Enormous attention from the research community has been paid to the consensus problem of multi-agent systems, partly due to its applications in the formation control of unmanned air vehicles, the cooperative control of mobile robots, the design of distributed sensor networks, and so on (see [1–3] and references therein). Although first-order consensus protocols have been intensively studied [4–8], they are unapplicable to consensus of second-order multi-agent systems (i.e., agents are governed by both position and velocity states) which can characterize a broad class of real vehicles. It has been demonstrated that second-order consensus may not be reached even if the communication topology contains a spanning tree [9], which is somewhat different from first-order consensus. Therefore, the consensus problem for second-order multi-agent systems is more challenging than the first-order case [10–15].

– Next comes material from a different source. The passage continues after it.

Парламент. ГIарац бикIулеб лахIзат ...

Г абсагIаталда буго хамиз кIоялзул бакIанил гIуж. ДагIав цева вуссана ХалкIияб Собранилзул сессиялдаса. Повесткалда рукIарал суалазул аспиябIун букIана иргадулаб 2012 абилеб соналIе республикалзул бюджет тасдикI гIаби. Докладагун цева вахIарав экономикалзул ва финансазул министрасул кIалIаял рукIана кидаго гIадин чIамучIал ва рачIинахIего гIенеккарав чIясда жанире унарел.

It should be pointed out that most previous results focus on multi-agent systems with fixed communication topologies. However, for practical engineering and social multi-agent systems, their interaction topologies are often unreliable due to the limited sensing region of sensors or effect of obstacles. Upto now, much progress has been achieved in solving consensus problems under switching topologies [16–21]. For example, the pioneering work of Jadbabaie et al. [16] proved that “jointly connectivity” over a time interval is sufficient for consensus of first-order multi-agent systems with undirected topology. Then, Ren and Beard [17] generalized the results in [16] to the directed information topology. Generally speaking, these initial attempts were obtained without noticing that the communication topologies of multi-agent systems cannot shift arbitrarily fast in reality. Naturally, researchers began to impose some constraints on the time interval between consecutive switchings (i.e., the so-called dwell time (DT)). Along this line, Zareh et al. [22] solved the second-order multi-agent systems with slow switching topology by proposing a PD-like protocol. Minimum bounds of the DT were calculated to ensure stability of hybrid systems in [23].

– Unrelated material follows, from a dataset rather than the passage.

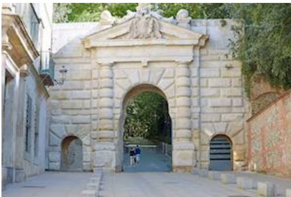
Puerta de los Gómez (c. 1536).

Another challenge in multi-agent consensus is the inherent nonlinear dynamics of agents and ubiquitous communication time delay between interacting agents [24]. Until now, many techniques have been employed to analyze nonlinear multi-agent systems, including dissipativity theory [25], non-smooth analysis [26], and Lyapunov functions [27, 28]. In [29], Wang and Slotine derived delay-independent sufficient conditions for group agreement with time-delayed communications. On the other hand, delay-dependent conditions for consensus of a class of second-order multi-agent systems were derived in [30]. Despite the overall progress, some issues in this area still await further research, such as multi-agent consensus with more constraints including inherent nonlinear dynamics, restricted interaction topology (e.g., average dwell time (ADT) switching topology [31]) and communication time delay simultaneously.

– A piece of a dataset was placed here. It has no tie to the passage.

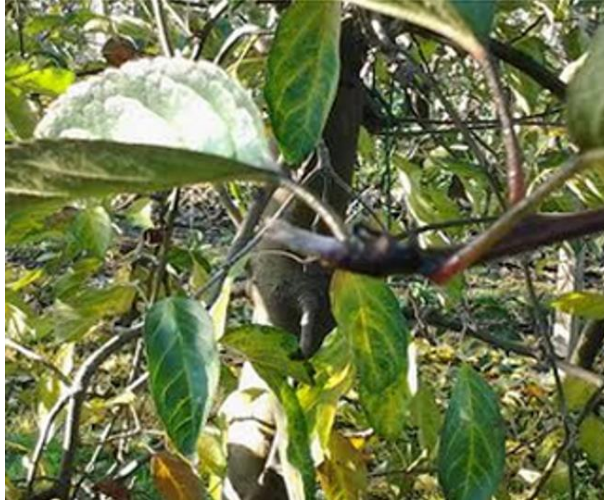
Slika 3. Vršni cvjetni pup jabuke Idared u retro vegetaciji

With the above motivation, this paper deals with the consensus problem of second-order multi-agent systems with nonlinear dynamics, communication time delay, and restricted switching topology. By introducing a state transformation, the consensus problem is converted to a stability problem of the corresponding disagreement systems. Then, by constructing piecewise Lyapunov–Krasovskii functionals, it is proved that second-order consensus can be achieved if each switching topology contains a directed spanning tree and the system parameters satisfy the derived linear matrix inequalities (LMIs).

The remainder of the paper is organized as follows. Some necessary preliminaries and consensus problem formulations are given in Sect. 2. In Sect. 3, we present the sufficient conditions for ensuring consensus in terms of LMIs. A numerical example is simulated to verify the theoretical results in Sect. 4. Section 5 draws the conclusion and puts forward some future topics.

Some mathematical notations are used throughout the paper. Let \(I_n\) and \(O_n \) be the \(n \times n\) identity matrix and zero matrix, respectively; \(1_n=[1,\ldots ,1]^T \in R^n\), and \(0_n=[0,\ldots ,0]^T \in R^n\). \(\text{ diag }\{x_1,\ldots ,x_m\}\) denotes the diagonal matrix with diagonal entries \(x_1\) to \(x_m\). We say \(X > 0\) (\(X < 0\)) if the matrix \(X\) is positive (negative) definite. \(\bar{\lambda }(\cdot )\) and \(\underline{\lambda }(\cdot )\) denote, respectively, the maximum and minimum eigenvalue of a positive definite matrix.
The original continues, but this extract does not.